Voluto dal Vescovo Sabino nel VI secolo, il Battistero di San Giovanni si presenta come un edificio a dodici lati che incarna un perfetto equilibrio tra ingegneria idraulica e simbolismo religioso. Al centro della struttura si trova la vasca battesimale per l’immersione totale, testimonianza di un’epoca in cui la fede era vissuta come un rito di passaggio fisico oltre che spirituale. L’architettura è un gioco di incastri perfetti tra corridoi anulari e quattro stanze che si protendono a formare una croce greca ideale. La luce che ancora oggi filtra dalle aperture zenitali esalta i resti dei marmi pregiati e delle decorazioni musive originali, rendendolo uno dei battisteri meglio conservati d’Italia e un punto di riferimento per gli studiosi di arte paleocristiana.

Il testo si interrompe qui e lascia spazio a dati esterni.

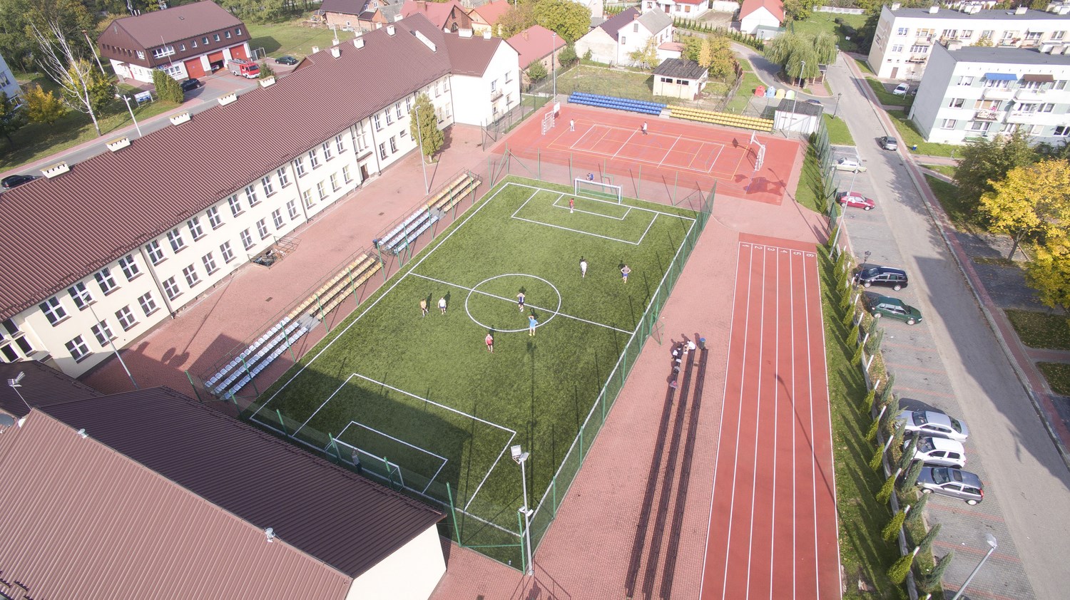 Inwestycja objęła remont boisk sportowych o nawierzchni sztucznej przy Szkole Podstawowej i Gimnazjum celem poprawy stanu technicznego obiektów oraz zwiększenia komfortu i bezpieczeństwa dzieci korzystających z obiektów. Dotychczasowa infrastruktura obiektów i urządzeń była przestarzała, kosztochłonna i wymagała stałych remontów oraz modernizacji.

Le Catacombe di Ponte della Lama: il labirinto sotterraneo dell’eternità

Nascosto sotto il livello del suolo e interamente scavato nel cuore del tufo, il complesso delle Catacombe di Ponte della Lama si rivela come un vero e proprio archivio di pietra della comunità canosina tra il IV e il VI secolo. Questa necropoli sotterranea si snoda attraverso un fitto reticolo di gallerie, arcosoli e loculi che per secoli hanno custodito le spoglie dei primi cristiani della regione. Ciò che rende questo sito straordinario è la sua eccezionale estensione e la presenza di iscrizioni grafite e affreschi ancora visibili sulle pareti, che offrono uno spaccato intimo e suggestivo sulla spiritualità di una comunità che ha reso Canosa il fulcro religioso della Puglia antica. Si tratta di un viaggio nel silenzio della storia che permette di toccare con mano le radici profonde della nostra identità territoriale.

Cos’è il Premio Francovich e perché è così importante?

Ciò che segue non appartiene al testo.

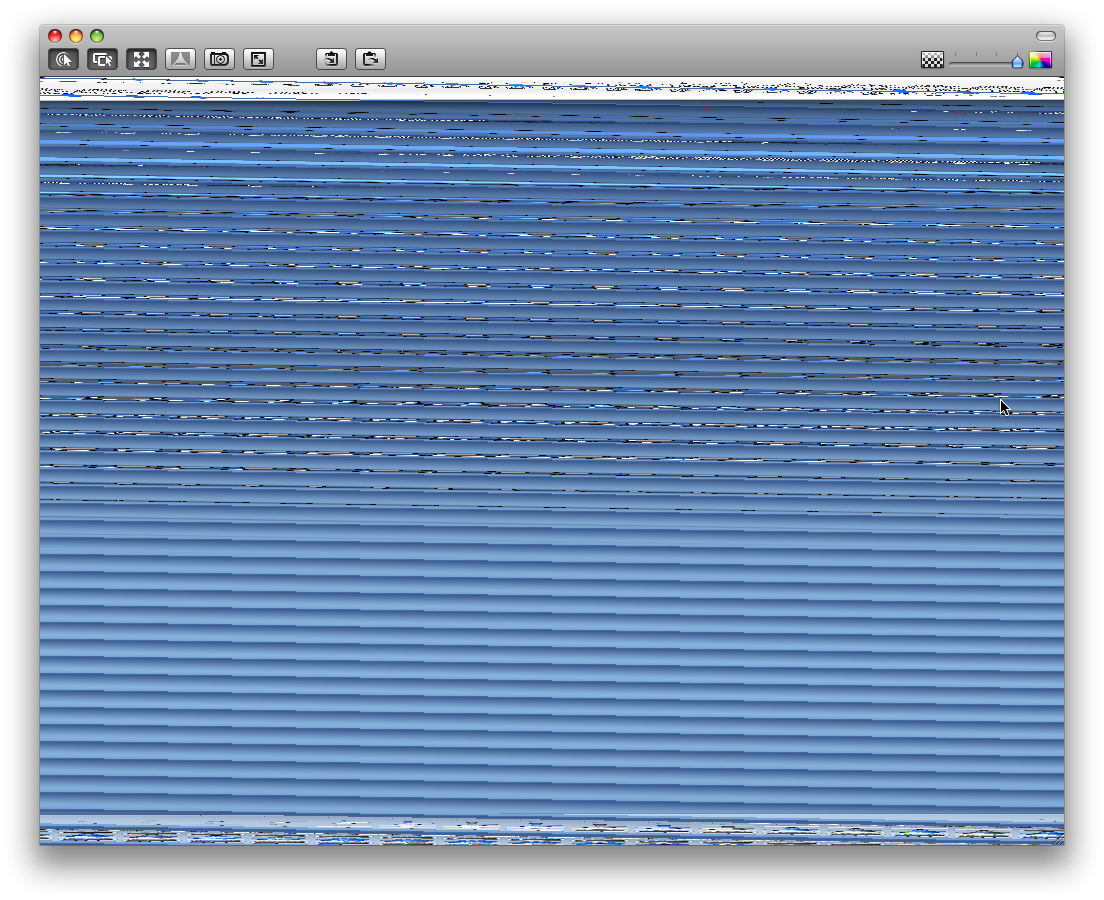 I've had some problems with a Xserve having a garbled screen (see image) when I log in to it, and since there is no monitor connected, there are no tricks for pressing "detect display" to use for resetting the display. And I'm using it blindly as well, so I needed a way to do it from the terminal. So I put together the below AppleScript that fixes the issue for me.

Istituito dalla SAMI (Società degli Archeologi Medievisti Italiani) in memoria del celebre professor Riccardo Francovich, questo premio viene assegnato ogni anno al parco o museo archeologico capace di realizzare il “miracolo” della divulgazione: unire il massimo rigore scientifico a un linguaggio capace di arrivare al cuore di tutti, non solo degli specialisti. Vincere il Premio Francovich 2025 significa essere riconosciuti come il modello di riferimento in Italia per come si comunica l’archeologia oggi. La giuria di esperti, presieduta dal prof. Paul Arthur dell’Università del Salento, ha validato una candidatura che ha saputo trasformare i ruderi in un racconto vivo, accessibile e appassionante.

Una vittoria di comunità: dalla Puglia a Firenze

“Questo premio è la prova che Canosa è entrata nel cuore dei cittadini”, ha commentato con emozione il Presidente della Fondazione Archeologica Canosina, Sergio Fontana. Un sentimento condiviso dal prof. Giuliano Volpe, curatore della candidatura, che vede in questo risultato la vittoria della “storia che si fa futuro”. Il gran finale di questa avventura si terrà il 27 febbraio 2026 a Firenze, nella prestigiosa cornice di “tourismA”. Al Palacongressi, davanti a una platea internazionale, Canosa verrà premiata ufficialmente come regina dell’archeologia italiana, portando sul palco non solo i suoi tesori, ma l’orgoglio di una Puglia che sa valorizzare le proprie radici.